In 1962 the People's Art Publishing House in Beijing published a volume of 268 full-page photographs taken by Werner Forman in ten museums, with captions in Chinese, English and Russian. No sooner it was completed than the whole print run was destroyed following the fall from grace of the official responsible for the project. Only a few copies of the book remain.

In the years that followed Artia produced forty Werner Forman volumes including monographs on five important collections in the British Museum, with texts by their curators. These were realised due to the commitment of the publisher Paul Hamlyn, who found a ready market for the Forman books. Another such project was Egyptian Art (1962), featuring the renowned collection of Cairo's Egyptian Museum.

After the Soviet occupation of Czechoslovakia in 1968 Werner Forman made London his new base and he worked initially for Weidenfeld & Nicolson. From the mid-seventies he edited for Orbis Publishing a new series called Echoes of the Ancient World. Fifteen volumes in all were published and repeatedly reissued in many languages, on subjects as varied as the Aztecs, T'ang China, the Vikings and the Maori. in 1992 his photographs enriched The Life in Ancient Egypt by Eugen Strouhal, and in consequence the book was taken up by publishers in eleven countries and published in nine languages. Harvill Press published large photographic books called Werner Forman's New Zealand (1994) and in Phoenix rising - United Arab Emirates: Past, Present and Future (1996). In 1997 an exhibition of Forman's photographs of Art in Ancient Egypt was mounted in the Prague National Museum.

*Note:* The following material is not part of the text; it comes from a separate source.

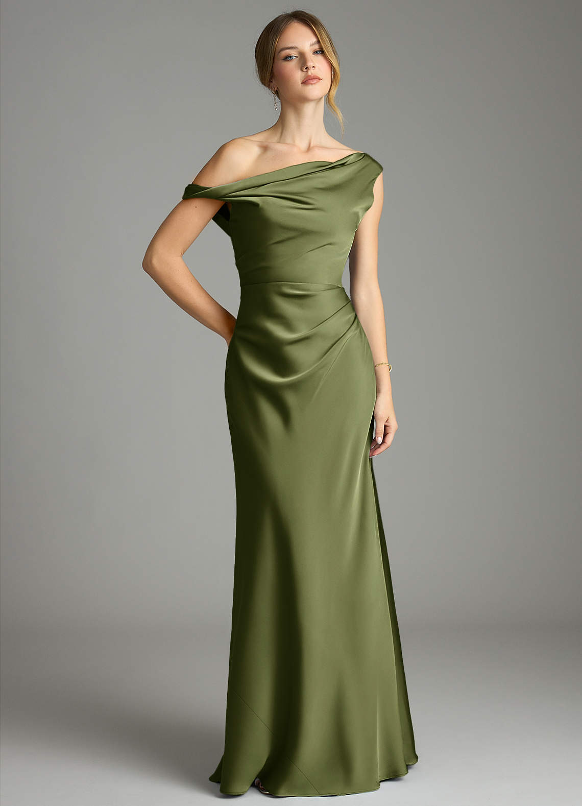 Olive Mermaid Off the Shoulder Stretch Satin Dress

Having photographed in the course of his long career cultural monuments and artefacts in 55 countries, Werner Forman has left us an invaluable photographic archive.

==Books (selected)==
- 1954 A Book of Chinese Art. Spring Books (text by Lubor Hájek)
- 1955 Hokusai: the Man Mad-on-Drawing. Spring Books (text by Joe Hloucha)
- 1956 Prehistoric Art. Spring Books (text by Josef Poulík)
- 1956 Exotic Art. Spring Books (edited by Lubor Hájek)
- 1957 Art of Far Lands. Spring Books (edited by Lubor Hájek)
- 1957 Harunobu. Spring Books (text by Lubor Hájek)
- 1957 Japanese Woodcuts: Early Periods. Spring Books (text by Lubor Hájek)
- 1958 Utamaro: Portraits in the Japanese Woodcut. Spring Books (text by Lubor Hájek)
- 1961 Tapestries from Egypt: Woven by the Children of Harrania, Paul Hamlyn Publisher (text by Ramses Wissa Wassef)
- 1967 Lamaistische Tanzmasken: der Erlik-Tsam in der Mongolei. Leipzig: Koehler & Amelang (text by Bjamba Rintschen)
- 1970 Assyrian palace reliefs in the British Museum. British Museum (text by R. D. Barnett)
- 1972 Woven by Hand, Paul Hamlyn Publisher, (text by Ramses Wissa Wassef)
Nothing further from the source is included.